[REQUIRED WORK] Please output the section of the listing below that opens with the line containing "Sandalias De Tacón" and closes with the line containing "La Blanca BLACK", exactly and with nothing else.

[DATA EXTRACTS]

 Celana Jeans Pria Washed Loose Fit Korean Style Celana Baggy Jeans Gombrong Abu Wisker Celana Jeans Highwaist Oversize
==
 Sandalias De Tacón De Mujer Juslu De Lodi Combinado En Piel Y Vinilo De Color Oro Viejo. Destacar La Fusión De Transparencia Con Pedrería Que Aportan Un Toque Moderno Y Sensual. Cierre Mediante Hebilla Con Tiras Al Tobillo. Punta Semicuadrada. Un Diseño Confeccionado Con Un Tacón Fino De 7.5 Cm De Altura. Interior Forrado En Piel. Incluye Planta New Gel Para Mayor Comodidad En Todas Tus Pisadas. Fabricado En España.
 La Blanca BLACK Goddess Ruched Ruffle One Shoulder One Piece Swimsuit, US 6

[RESULT OF THIS EXERCISE]
 Sandalias De Tacón De Mujer Juslu De Lodi Combinado En Piel Y Vinilo De Color Oro Viejo. Destacar La Fusión De Transparencia Con Pedrería Que Aportan Un Toque Moderno Y Sensual. Cierre Mediante Hebilla Con Tiras Al Tobillo. Punta Semicuadrada. Un Diseño Confeccionado Con Un Tacón Fino De 7.5 Cm De Altura. Interior Forrado En Piel. Incluye Planta New Gel Para Mayor Comodidad En Todas Tus Pisadas. Fabricado En España.
 La Blanca BLACK Goddess Ruched Ruffle One Shoulder One Piece Swimsuit, US 6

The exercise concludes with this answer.